I do not have a good relationship with this water heater. We bought it in 2003 and have poured a couple hundred dollars in repairs into it since. I just called the repair service I use because they're honest, priced fairly and quick. They no longer deal with hot water heaters, I was told. Too time-consuming. I hate the thought of calling someone I don't know anything about. I hate the thought of what this might cost.

I would love nothing more than to ditch this monster and have a tankless unit installed. But I can't afford it. One of the many, many reasons I hate being in debt.

Sarah

Monday, July 18, 2011

Stuffed

I spent the weekend helping my sister (not Jenny - our other sister) move. Her marriage has ended and because her ex is not providing child support, she had to sell the house and move to an apartment with her two children.

I realized while unpacking boxes that she has been medicating herself for quite awhile with "stuff." I had already put sheets on the three beds when I went to tackle the linen closet. I folded 31 pillowcases. Thirty-one. There were enough towels to open a small boutique. And I do believe her kitchen tools could outfit several kitchens. When I asked her what a particular item was and she couldn't tell me, I knew there was a problem. We talked a bit and she agreed to start a box for things that were really not necessary. A friend of hers is having a yard sale next weekend and she will send it there.

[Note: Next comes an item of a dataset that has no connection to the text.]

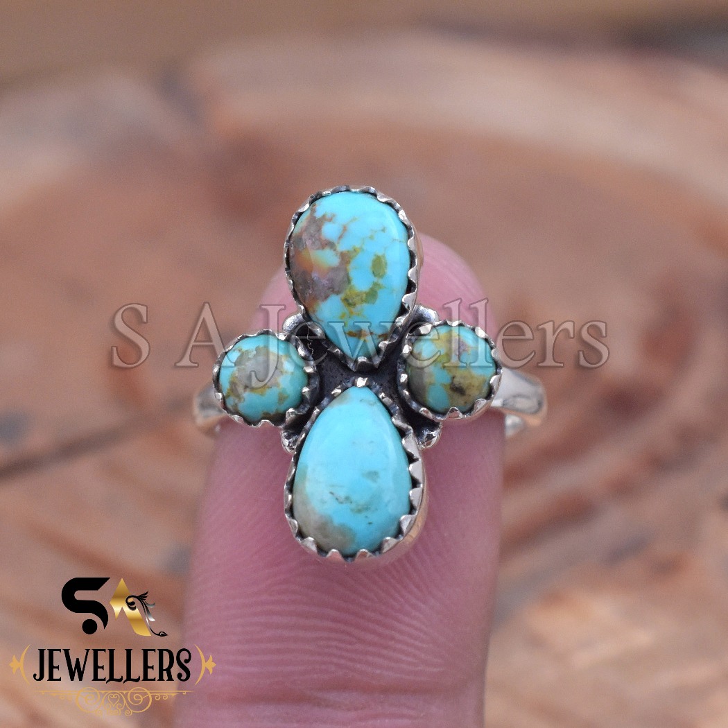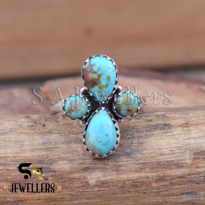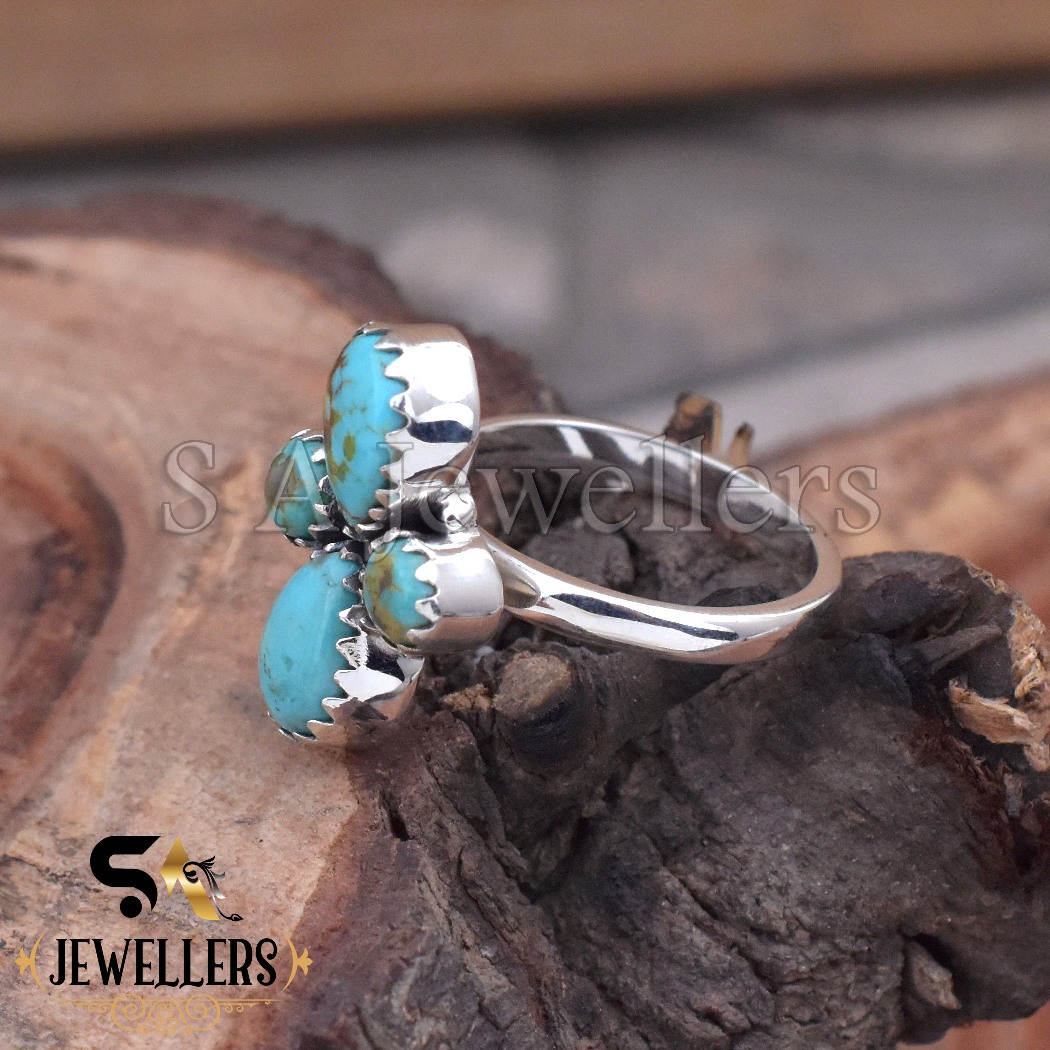 Be the first to review “Arizona Turquoise Flower Ring, Sterling Silver Multi Stone Boho Ring”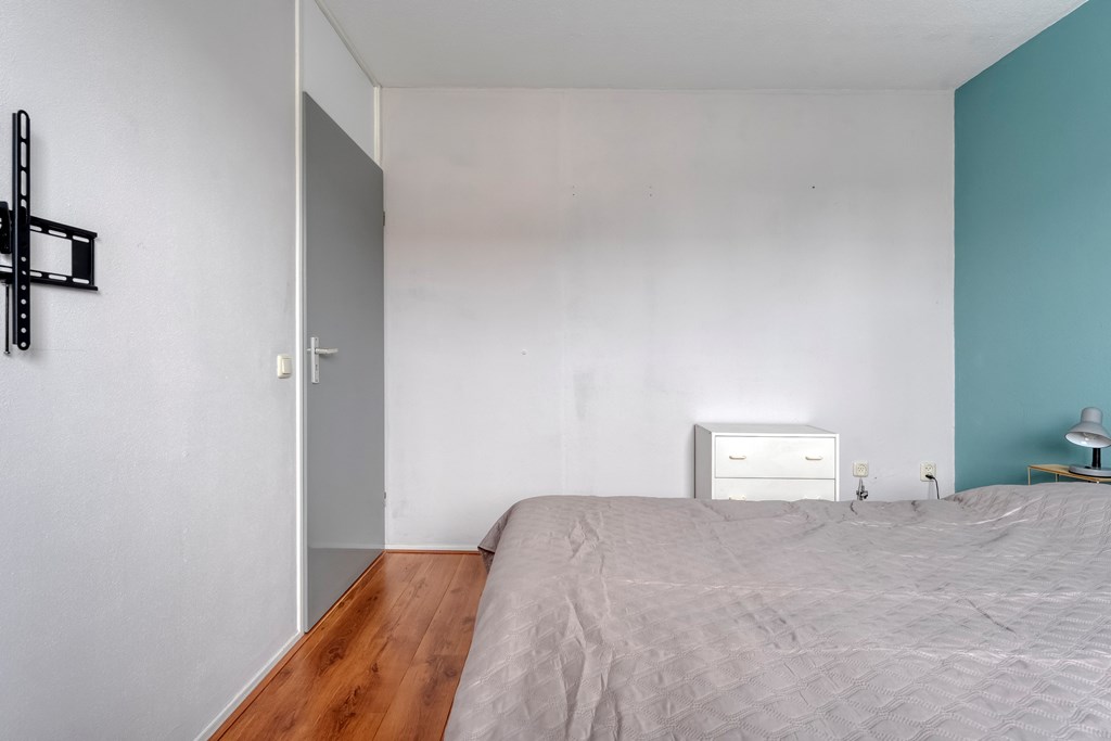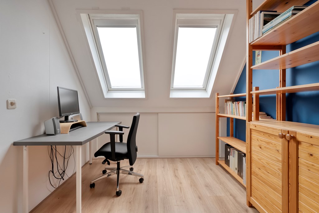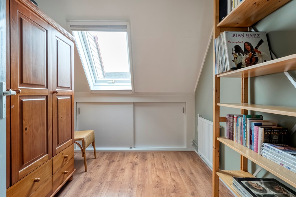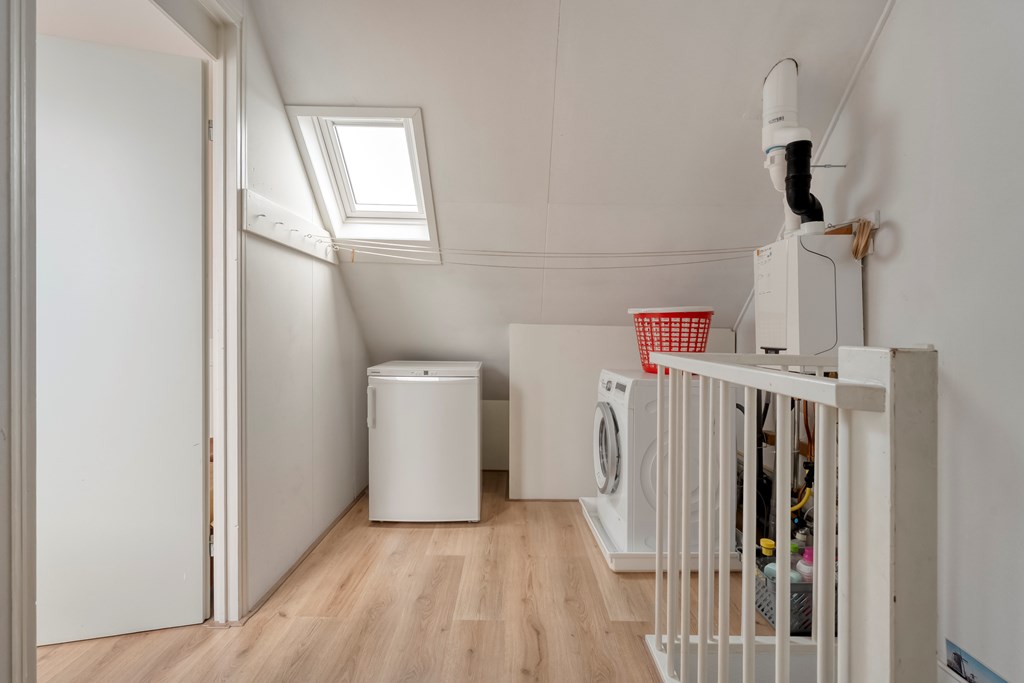 Via een vaste trap bereik je de tweede verdieping. Op de overloop bevindt zich de witgoedaansluiting en is er toegang tot een extra slaap- of werkkamer. Achter de knieschotten is bovendien praktische bergruimte aanwezig.

The result of my being surrounded by so much stuff, was that I came home in a mood to purge. After 25+ years of marriage, we do have a lot, but clutter makes me crazy (I have some OCD tendencies), so it's not out of control. But every time I decide to clear out, I find plenty that needs to go. Today was no exception. I cleaned out some shelves and organized some things. And as always, it made me feel better.

Why is it that we have so much stuff? Life would be so much simpler if we stuck to what we need and what we love.

Sarah

Wednesday, July 13, 2011

Summer fun

The trip to Zaxby's was a success yesterday - and DH was thrilled with the repeat offer. The only downer was when I had to yell at an incredibly rude woman who parked in the striped area of the handicapped spot. When I pointed out to her that it was not a parking spot and that her car prevented my getting my son's wheelchair in and out of my van, all she had to say was "There weren't any other parking spots." This didn't go over very well with me and I am sorry to say I let loose on her.

It was over 100 degrees for the third day in a row, so we stayed inside with the drapes drawn. Dinner was salad, fruit and leftovers.

A perfectly fine summer day.

Sarah

Tuesday, July 12, 2011

I fell for the spiel

Since coming home from Florida, I've stayed home - a lot. I'm fine with this. I can find plenty to do at home and am thrilled to be out of the car since I spend so much time there during the school year. My son has been really great about it. He is physically disabled and limited in what he can do, so I know there is the potential for great boredom. But he's busied himself reading and writing and catching up on movies. He loves to swim and we have free access to a pool in my mom's community, but I can't lift him in and out so that's a weekend activity when DH is home.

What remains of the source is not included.